Compared to the Northern sub-basin, the other sub-basins in the south Melut Basin are smaller, with areas of 2000–3000 km2, and have coarser sedimentary infillings, which make the quality of Adar caprocks worse. The Adar Formation in most uplifts and slope areas of the south Melut Basin no longer presents thick mudstones, but of high sand content sequence (Fig. 14), which makes the reservoir-caprock pair of Yabus+Samma-Adar Formations get worse. That explained why most wells failed in the exploration of Yabus and Samma Formations in the south Melut Basin. Instead, the near-source Cretaceous formations develop better reservoir-caprock pair and have better oil-source and preservation conditions, and some wells have got oil flow in Cretaceous (Fig. 14).

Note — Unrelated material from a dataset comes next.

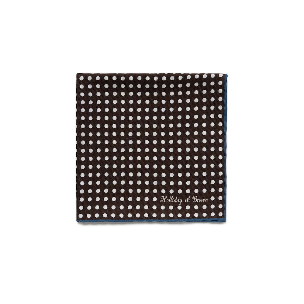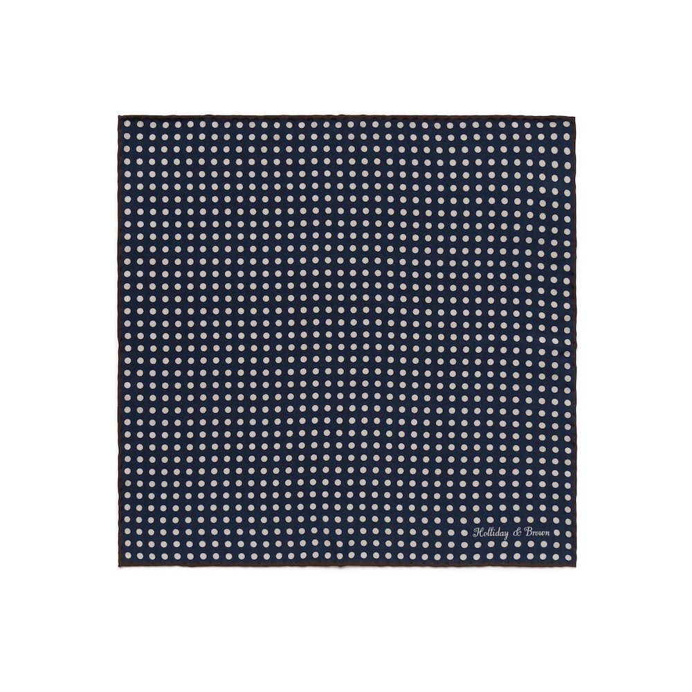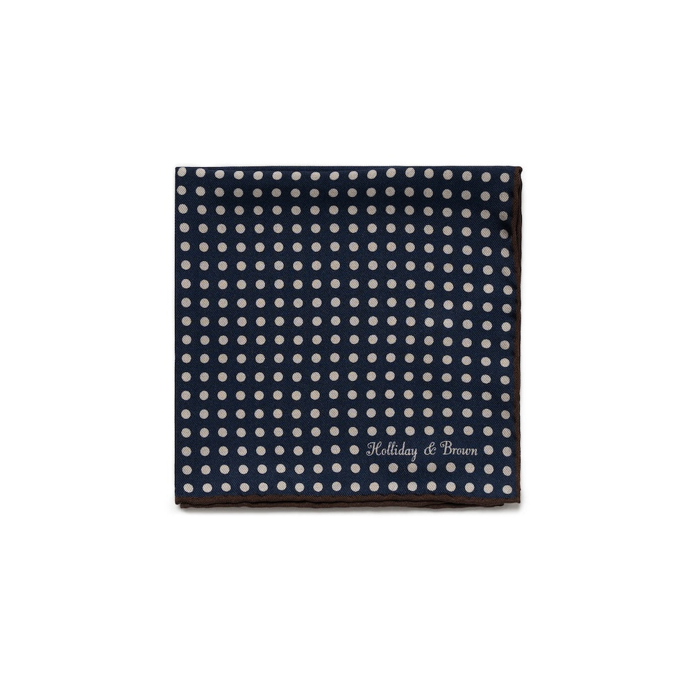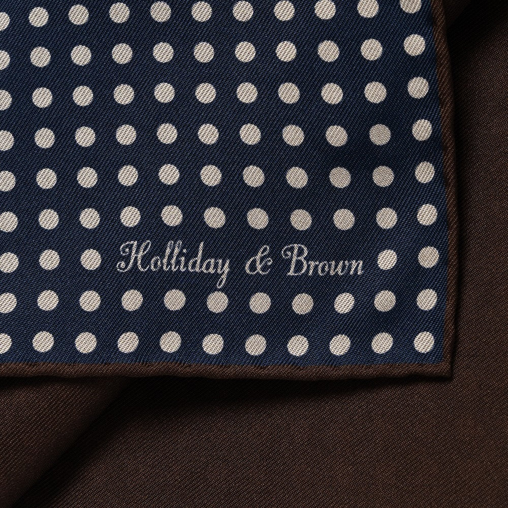 White Dot & Solid Double-Face Navy & Brown Printed Silk Pocket Square
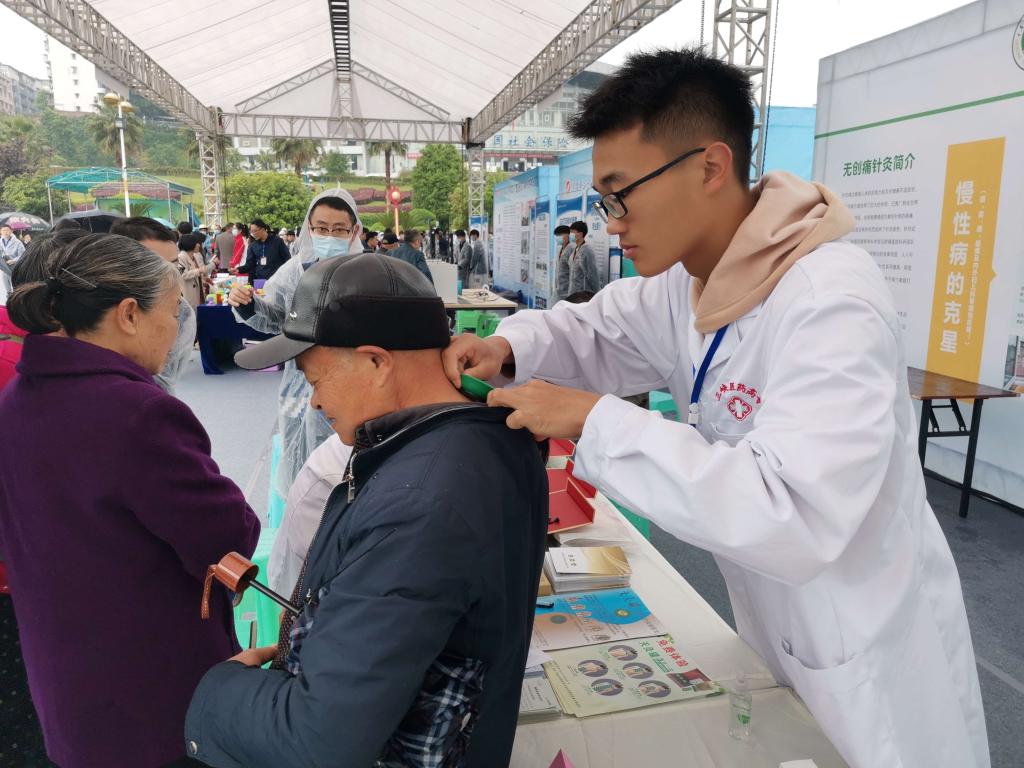 学校以“中医药文化传承与发展”为主题,开展了中医药文创产品展示活动及无痛针灸体验活动。同时向全区人民呈现了学校发展情况。开幕式结束后,刘小泉第一个来到我校展区进行视察。志愿者同学们现场为市民艾灸、展示中药香包制作,吸引了大量市民驻足参观、体验。在义诊现场学校重庆市名中医姜兴鹏主任医师为身体不适群众进行针灸治疗,充分展示了针灸的“神奇”,广大患者纷纷竖起了大拇指。

Compared to the Northern sub-basin, the buried depth of Cretaceous in the south Melut Basin is shallower due to the relatively small basin scale. Meanwhile, the widespread inversion structures make the Cretaceous formations uplifted, such as the Miyan inversion structure and the Ghanam inversion structure. Consequently, the near-source Cretaceous have better accumulation conditions and are the most favorable potential targets in the south Melut Basin.

Fig. 14
figure 14

Lithological features of the Adar Formation in the north (above) and south (below) Melut Basin, and the section locations are shown in Fig. 2.

Conclusions

  1. (1)

    The Paleogene far-source migration and accumulation pattern is the primary hydrocarbon accumulation pattern in the Northern sub-basin, which accounted for 95% discoveries. The capability of hydrocarbon charge from the Al Renk source rocks and the development of oil-source faults are two controlling factors for the far-source accumulation pattern. The identification of Paleogene far-source migration and accumulation pattern successfully guided the exploration of the north Melut Basin. In the south Melut Basin, due to the coarse deposition of Adar Formation, the Paleogene far-source Yabus+Samma-Adar formations are not an effective reservoir-caprock pair. Conversely, the near-source Cretaceous and basement are favorable exploration targets due to the development of inversion structures.

  2. (2)

    Three near-source Cretaceous accumulation patterns have been identified, including the lower-generation and upper-accumulation pattern of Galhak Formation, the upper-generation and lower-accumulation pattern of Al Gayger Formation, and the internal-generation and internal-accumulation pattern of Al Renk Formation. Moreover, the typical oil reservoir models of each accumulation pattern have been established. The identification and establishment of these hydrocarbon accumulation patterns and models would greatly promote the exploration of Cretaceous in the Melut Basin.

  3. (3)

    The Melut Basin mainly develops local inversion structures, and the overall uplift of the basin is small, which made the inversion movement have limited impact on the hydrocarbon generation. The inversion structures made the Melut Basin develop favorable structural traps, meanwhile the continuous generation and expulsion of source rocks from Later Cretaceous to present is conducive to the hydrocarbon accumulation. Consequently, the inversion structures are generally favorable oil-bearing structures. The basin-margin inversion structure has poor oil-source condition, and the inner-basin inversion structure and the inversion structure between sub-basins are two types of favorable oil-bearing structures. For the weak inversion structures, the uplifting magnitude and erosion extent is light, and the Paleogene reservoir-caprock pair is well preserved. Inversely, for the strong inversion structures, the Paleogene reservoir-caprock pair is severely destroyed, and the Cretaceous and basement become potential drilling targets.